The US on Thursday said it would let US oil companies reopen negotiations with the Libyan government over potentially lucrative oil leases that have been off- limits since Washington imposed sanctions on the government of Muammer Gadaffi in 1986.

The concession was among measures announced by the White House on Thursday to reward Libya for deciding to renounce weapons of mass destruction and compensate the victims of the 1988 Lockerbie bombing.

The US said it would lift all restrictions on Americans travelling to Libya, allowing visits for the first time in 23 years, and would invite Tripoli to re-establish partial diplomatic relations by sending permanent representatives to Washington.

"While more remains to be done, Libya's actions have been serious, credible and consistent with Colonel Gadaffi's public declaration that Libya seeks to play a role in 'building a new world free from [weapons of mass destruction] and from all forms of terrorism' ", the White House said.

Testifying before the Senate foreign relations committee, William Burns, secretary of state for near eastern affairs, said on Thursday he remained concerned about Libya's continued involvement in African countries, particularly the regimes in Zimbabwe and Liberia.

"US Libyan relations can only be rebuilt if we develop confidence in the Libyan regime's commitment to repudiate its past support for terrorism.

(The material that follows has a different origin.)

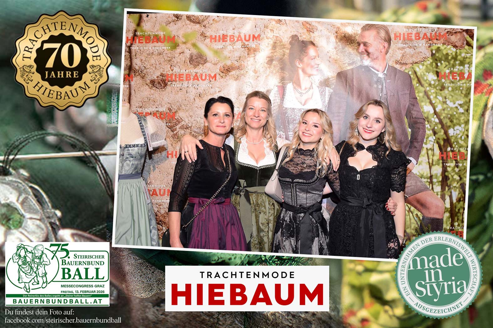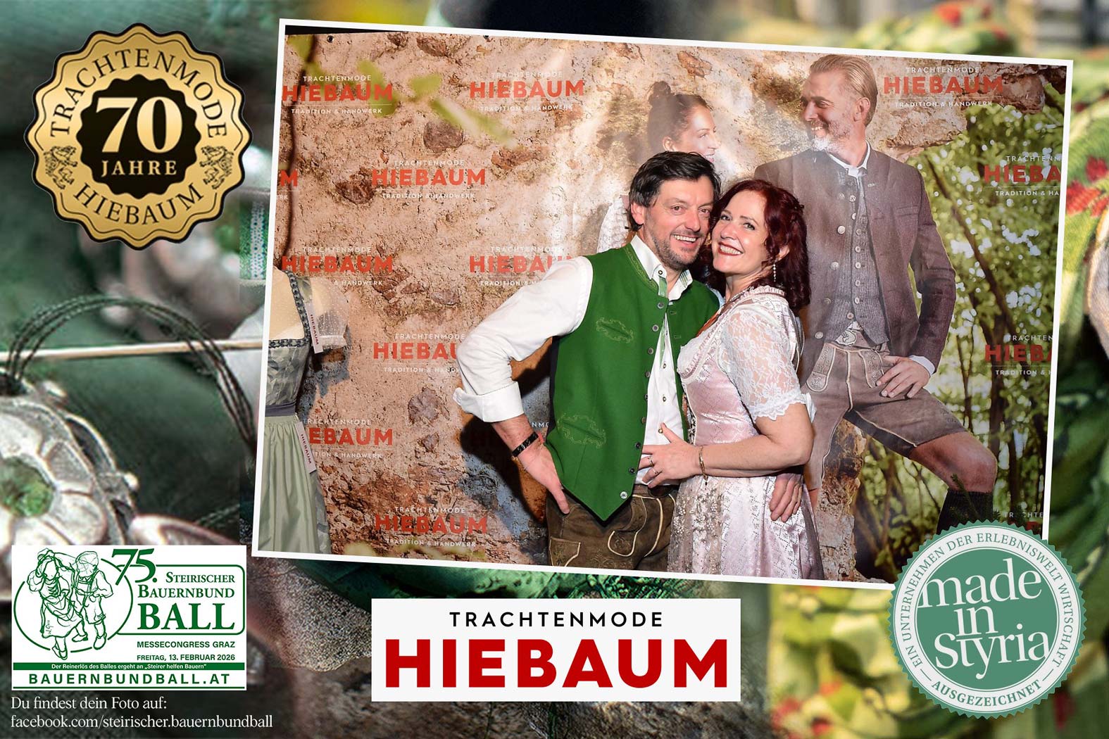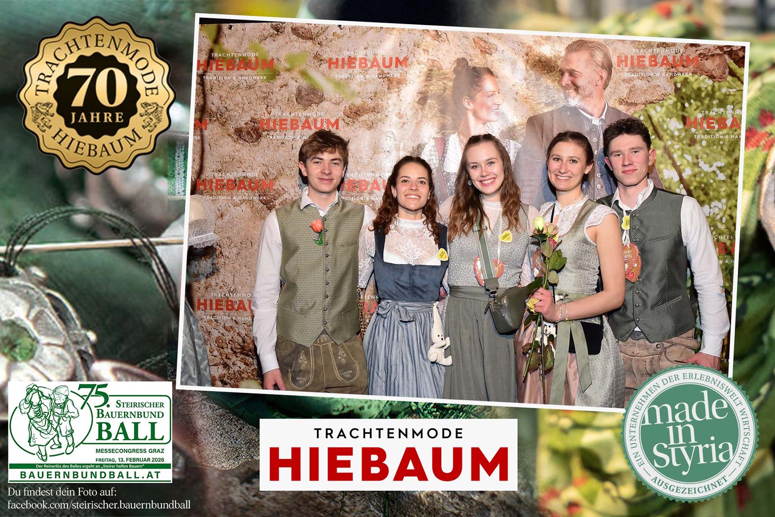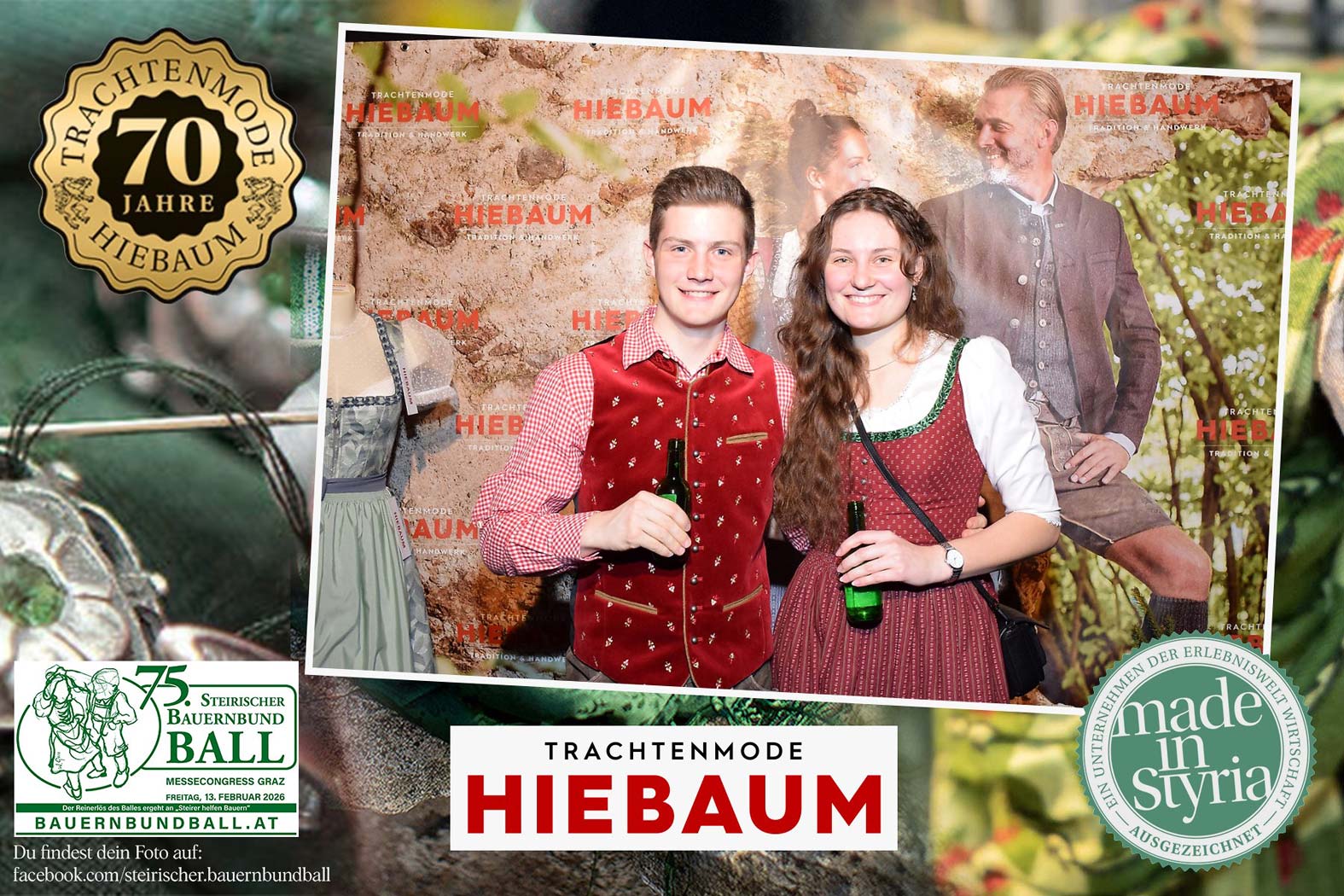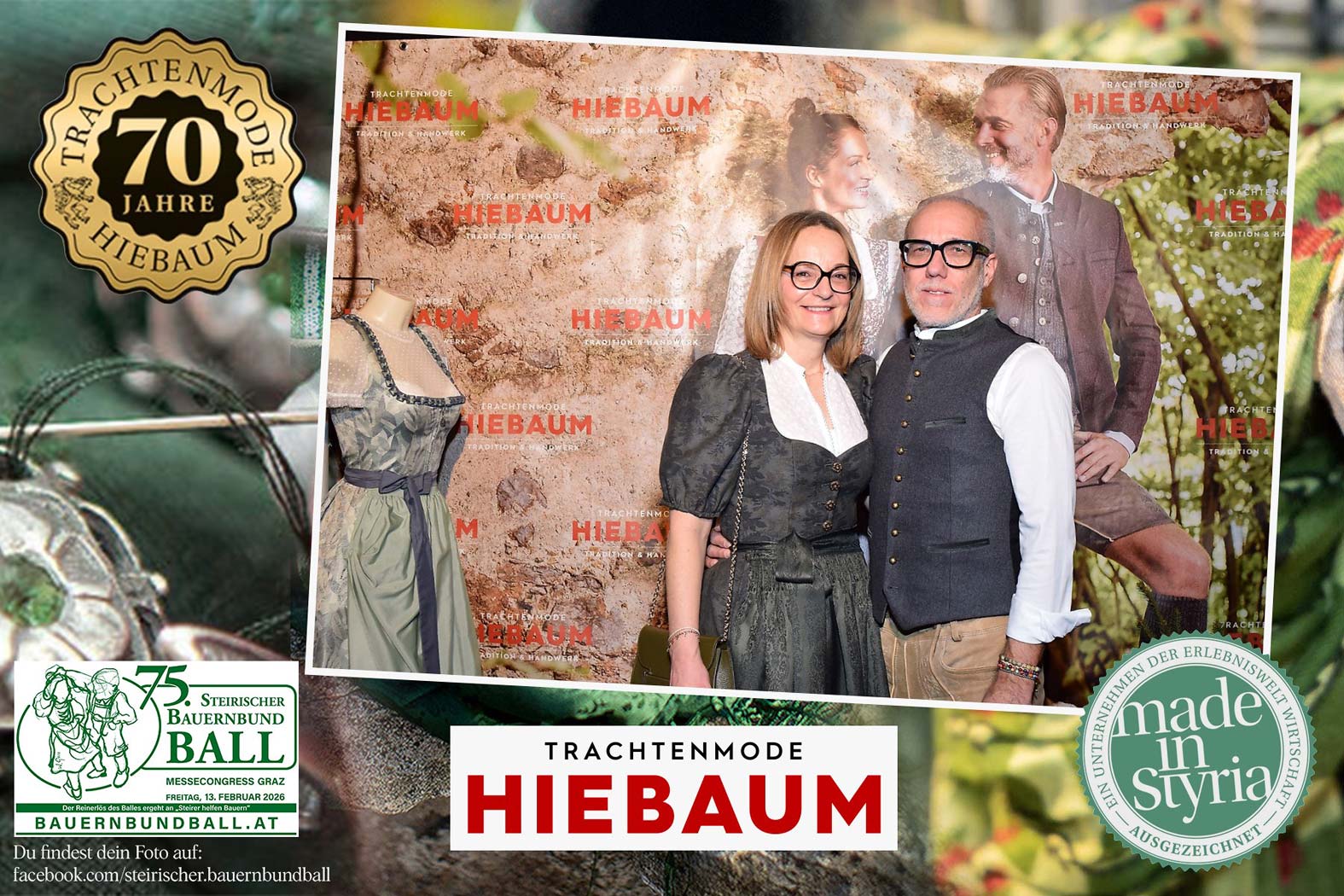 Trachtenmode Hiebaum war offizieller Partner des steirischen Bauernbundballs 2026. Zahlreiche Besucher haben sich in unserer Fotobox am Bauernbundball fotografieren lassen.
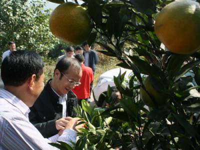 10月24日上午,新任南漳县委副书记、代县长黄其洲在巡检峡口万亩柑橘基地察看柑橘长势。今年该镇成立”桔农发柑橘专业合作社”,网络1760户农户,依托资源优势,采取统一收购、统一分选打蜡、统一外包装的办法,通过加工转化促增值,预计可产柑桔7万吨,仅此一项可使全镇农民增收630万元。本报通讯员张兴江/摄地址:南漳县新闻信息中心(441500)

We are still concerned about problems in Liberia and Zimbabwe."

The White House announcement was delayed from Monday after Shukri Ghanem, Libya's prime minister, said in a BBC interview his country had agreed to the Lockerbie settlement only to "buy peace".

But on Wednesday Libya said it stood by its letter to the UN last August, which stated that it "accepts responsibility for the actions of its officials" in bringing down PanAm Flight 103.

Four US oil companies - Occidental Petroleum and a coalition comprising ConocoPhillips, Marathon and Amerada Hess - hold oil leases in Libya.